Ireland, which has attracted U.S. multinationals including Google and Microsoft with low taxes as a key part of its economic policy since the 1960s, said its tax system was transparent and other countries were responsible if the tax rate paid by Apple was too low.

“They are issues that arise from the taxation systems in other jurisdictions, and that is an issue that has to be addressed first of all in those jurisdictions,” Deputy Prime Minister Eamon Gilmore told national broadcaster RTE on Tuesday.

U.S. Senate investigators alleged that between 2009 and 2012, Apple paid little or no corporate taxes on at least $74 billion through the use of Irish subsidiaries that have no tax residency in Ireland, where they are incorporated, or in the United States, where those companies are managed.
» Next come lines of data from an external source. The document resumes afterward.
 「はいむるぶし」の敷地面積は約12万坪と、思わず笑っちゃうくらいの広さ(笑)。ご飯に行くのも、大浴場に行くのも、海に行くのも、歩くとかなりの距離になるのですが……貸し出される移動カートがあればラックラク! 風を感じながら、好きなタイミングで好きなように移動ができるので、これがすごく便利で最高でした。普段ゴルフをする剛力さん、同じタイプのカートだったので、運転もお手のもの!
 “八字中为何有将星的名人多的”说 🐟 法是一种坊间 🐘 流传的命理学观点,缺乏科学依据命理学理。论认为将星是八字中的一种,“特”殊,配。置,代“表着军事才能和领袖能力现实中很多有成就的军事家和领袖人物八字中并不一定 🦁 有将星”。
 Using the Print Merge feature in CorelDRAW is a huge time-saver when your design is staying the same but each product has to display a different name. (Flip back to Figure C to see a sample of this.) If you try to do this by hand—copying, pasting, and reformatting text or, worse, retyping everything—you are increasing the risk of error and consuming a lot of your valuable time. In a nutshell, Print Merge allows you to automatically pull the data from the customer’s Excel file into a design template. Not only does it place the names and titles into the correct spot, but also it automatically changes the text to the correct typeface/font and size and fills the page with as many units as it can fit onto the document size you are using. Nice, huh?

In its defence, Apple said it had struck “cost-sharing agreements” with its Irish subsidiaries and that the arrangement was regularly audited by the U.S. Internal Revenue Service.
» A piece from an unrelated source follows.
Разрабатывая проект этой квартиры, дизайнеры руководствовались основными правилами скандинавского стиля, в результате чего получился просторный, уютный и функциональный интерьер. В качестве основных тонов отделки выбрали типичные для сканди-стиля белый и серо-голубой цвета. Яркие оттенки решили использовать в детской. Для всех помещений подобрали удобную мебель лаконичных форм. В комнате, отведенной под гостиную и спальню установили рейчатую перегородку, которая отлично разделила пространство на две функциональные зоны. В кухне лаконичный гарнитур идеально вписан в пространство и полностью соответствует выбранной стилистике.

According to the U.S. report, Apple’s chief of tax operations Phillip Bullock told congressional investigators that the company had obtained a special low tax rate of 2 percent or less for the last 10 years through negotiations with the Irish government.

Related: Apple Accused of “Highly Questionable” Tax Avoidance

Ireland’s Prime Minister Enda Kenny, however, denied there was any special rate agreement. “Ireland does not, I will repeat, does not do special tax rate deals with companies; we don’t have any special extra-low corporate tax rate for multinational companies.”

“Differences do arise in the legal and tax systems between countries. International tax planning takes account and advantage of these differences in national systems and rules … rather than the law or practices of any individual country,” he said, adding that the best way to close those loopholes was through international agreements.

A spokeswoman for the Office of the Revenue Commissioners said she could not comment on individual cases as that would breach taxpayer confidentiality, but she also denied that the tax authority agreed special low tax rates with multinationals.

“All companies in Ireland pay the standard 12.5 percent rate on their trading profits arising in Ireland, and they pay a corporation tax rate of 25 percent on their Irish non-trading income,” she said.

U.S. firms invested $30 billion in Ireland last year, more than in China and the rest of emerging Asia combined, according to data from the American Chamber of Commerce.

Controversy surrounding Ireland’s taxation of foreign companies is not new. In 2011, former French president Nicolas Sarkozy called on Dublin to raise its corporate tax rate. Kenny refused, insisting the actual tax rate charged on companies in Ireland is closer to its headline tax rate than in many other countries, and its effective tax rate largely comparable.